И когда Анна появлялась в дверях, со своим тихим:

– Ну что ты орешь? – говорила:

– А вот уидэшь, и никого нэ буде, шоб позваты.

Про отца она рассказывала безостановочно – что ел, что пил, кто навещал его за месяцы болезни, и как душевно в госпитале отнеслись, и как красиво же, Нютычка, отца похоронили, правда? А цветов сколько, а какие слова говорили! – вероятно, эти многажды повторяемые заклинания были ей необходимы и целебны.

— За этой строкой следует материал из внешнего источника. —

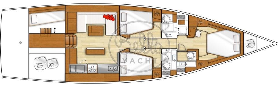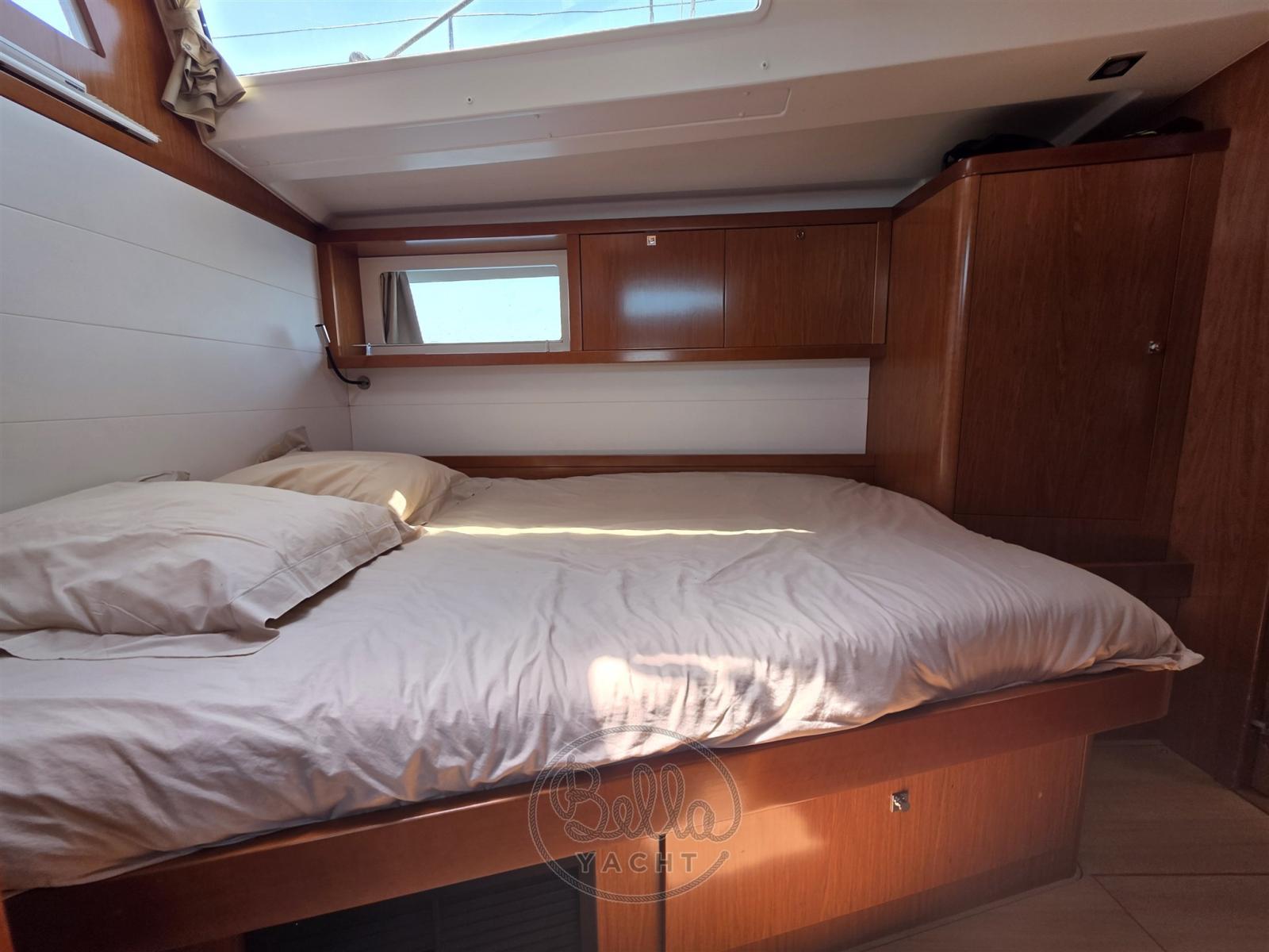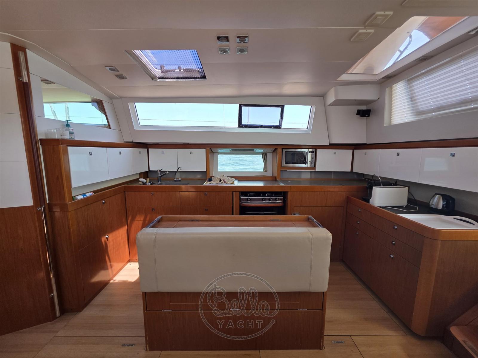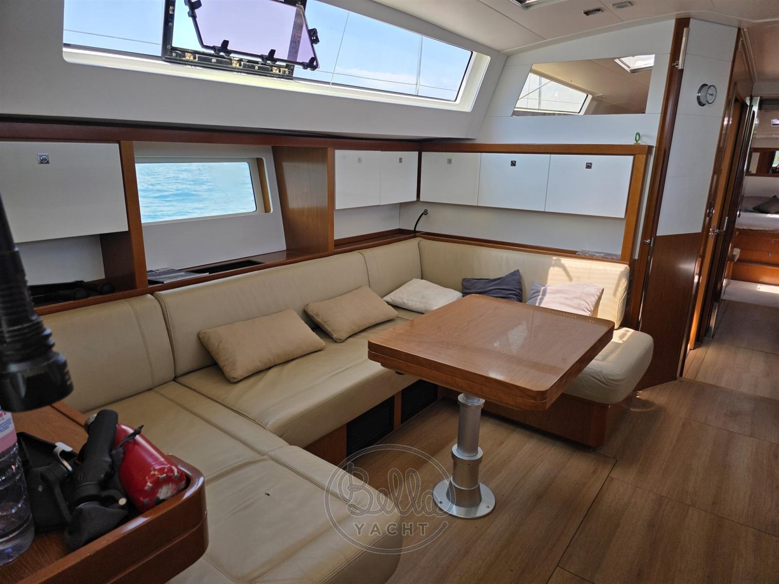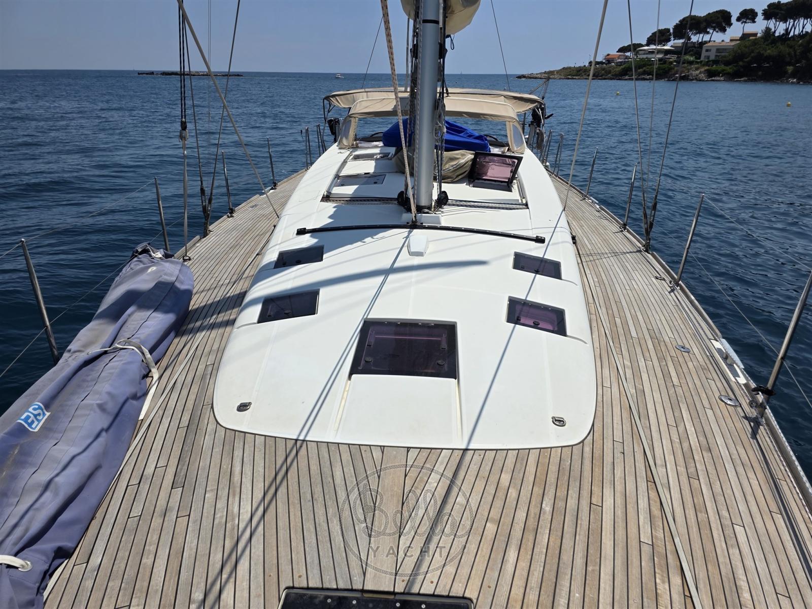 Alarme moteur, Eau sous pression, Passavant en teck, Douche de cockpit (calda e fredda), Double barre à roue, Moteur d'annexe, Cockpit en teck, Prise de quai, Rollbar, Guindeau électrique, Gréement monotoron, Echelle de bain, table de cockpit, Annexe, Filières avec sortie latèrale, Pont en teck, 4 Winch électrique.

Анна же не чаяла вырваться из вязкого, насквозь пропахшего безумием и бедой, своего – да уже и не своего, и давно уже не своего – дома.

– А плакав-то пэрэд смэртю як! – говорила-пела себе Христина, раскачиваясь на диване. В разговоре она теперь переходила с суржика на украинский, и вновь суржиком выпевала. – Бидный, як плакав!

– О Машуте? – угрюмо спросила Анна.

– Не. – Та удивленно подняла белесые брови. – О тибе… Таки слезоньки катились, катились… И усе повторяв: «Христина, сколько ж ей было дано! Сколько дано!..» Я прям охолодела вся! Та шо ж это, думаю, – плаче, як за покойныцей…

И вдруг спохватывалась, вспоминая, что стала владелицей такого непомерного богатства.

– Дзэркало с кладовой достану, – приговаривала-лечила саму себя. – Одне дзэркало зараз сколько стоить! Оно ж усе пылью заросло.

– Потом, – попросила Анна. – Потом, когда уеду.